Article 3692, R.C.S., provides that the printed statutes of other states, purporting to have been printed under authority thereof, shall be received as evidence of the acts therein contained. See, also, article 3693; Martin v. Payne, 11 Tex. 292; Railway Co. v. Conrad, 99 S.W. 209; Johnston v. Branch, 143 S.W. 193; Railway Co. v. Smythe, 55 Tex. Civ. App. 557, 119 S.W. 892; Railway Co. v. Ryan, 214 S.W. 642; Seiders v. Merchants Life Ass'n (Sup.) 54 S.W. 753; Cole v. District Board, etc., 32 Okla. 692, 123 P. 426, Ann.Cas. 1914A, 459. In the absence of an allegation and of proof of the laws of another state, the rights of parties arising out of the facts alleged, or alleged and proved, must be determined by the laws of this state.
Our statute (article 3692) provides Prat printed statutes under the authority of any state will be received in evidence in our courts, and there is no other way by which to prove the statutory laws of any other state. It was held in A., T. S. F. Ry. Co. v. Smythe, 55 Tex. Civ. App. 557, 119 S.W. 892, that the decisions of the Supreme Court of a state are not admissible to prove the laws of that state. Proof is to be made by the introduction of the statute books of the state.

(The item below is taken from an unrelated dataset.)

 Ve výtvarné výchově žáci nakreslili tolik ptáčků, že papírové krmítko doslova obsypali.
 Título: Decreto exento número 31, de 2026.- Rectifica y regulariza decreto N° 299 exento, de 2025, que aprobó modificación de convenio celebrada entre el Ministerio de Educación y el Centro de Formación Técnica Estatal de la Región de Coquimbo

And it seems that it is not necessary to allege or prove that such goods have no market value to predicate proof of actual value. Wells Fargo Express Co. v. Williams, 71 S.W. 314; Benedict v. C., R. I P. Ry. Co., 91 S.W. 811; I. G. N. Ry. Co. v. Nicholson, 61 Tex. 550; Railway Co. v. Smythe, 55 Tex. Civ. App. 557, 119 S.W. 895. In such a case all such pertinent facts and circumstances as will place before the jury material data which will enable them to reach a fair valuation or estimate of the plaintiff's damage are admissible in evidence.

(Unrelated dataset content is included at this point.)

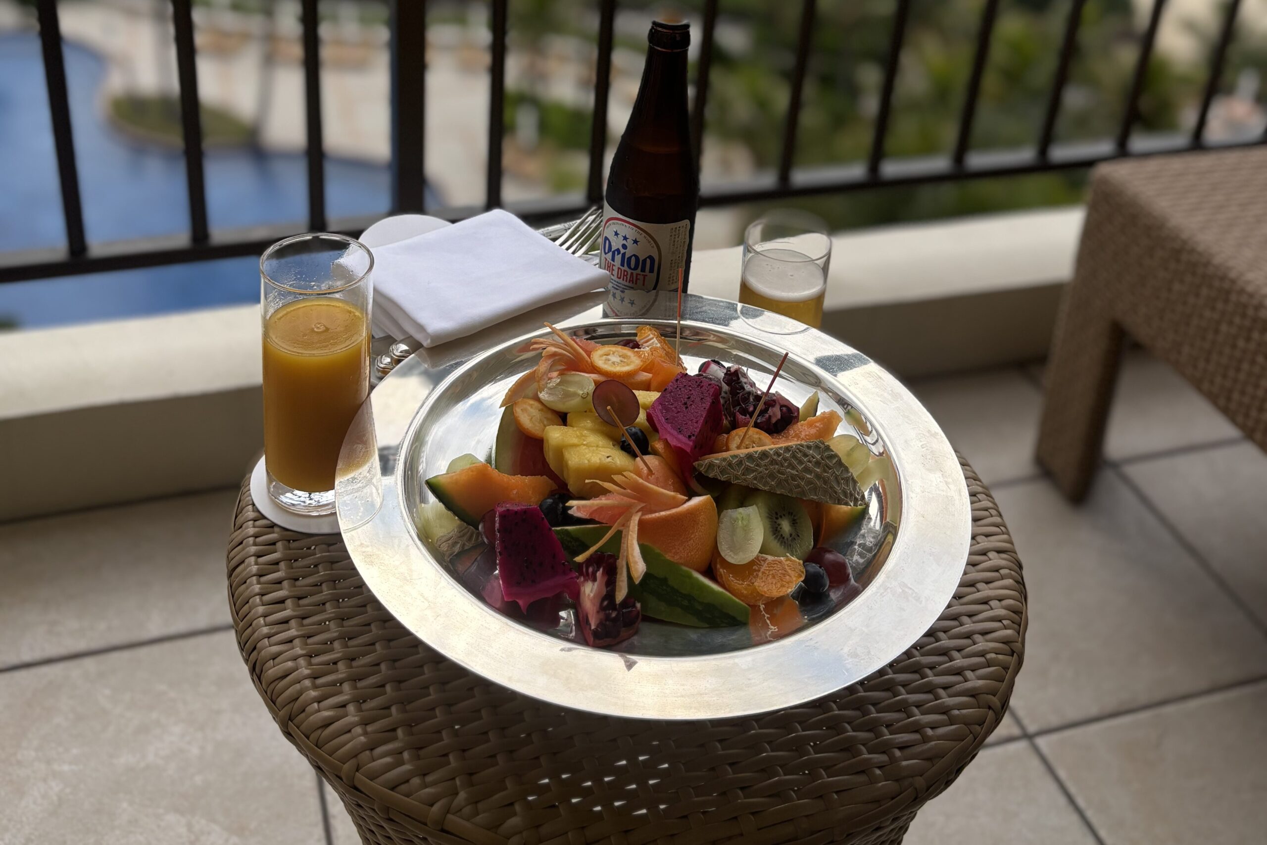 マンゴージュースとオリオンビールとともにいただきました。

Appellant contends the charge as given was erroneous for the reason that the true measure of damages in such cases is the market value of the trunk and its contents on the date of its conversion or loss. The measure of damages for injury or damage to household furniture, wearing apparel, etc., has been repeatedly stated by the appellate courts of this state to be the difference in the actual value of the same just prior to the damage or injury and the actual value thereof just subsequent thereto; and that the proper method of arriving at their value at the time of the injury or damage is to take into consideration the cost of the articles, the extent of their use, whether worn or out of date, and their condition at the time, etc. Wells Fargo Express Co. v. Williams, 71 S.W. 314; Railway Company v. Seale, 28 Tex. Civ. App. 364, 67 S.W. 437; Benedict v. Railway Company, 91 S.W. 811; Railway Company v. Smythe, 55 Tex. Civ. App. 557, 119 S.W. 892; Railway Company v. Nicholson, 61 Tex. 550; Railway Company v. Colquitt (Sup.) 9 S.W. 603; Barker v. Lewis, Storage Trans. Co., 78 Conn. 198, 61 A. 363, 3 Ann.Cas. 889, and note. And we think it clear that the measure of damages recoverable for similar articles in case of conversion, loss, or appropriation would be the actual value of the same at the time of such conversion, loss, or appropriation; such value to be arrived at in the manner we have just stated.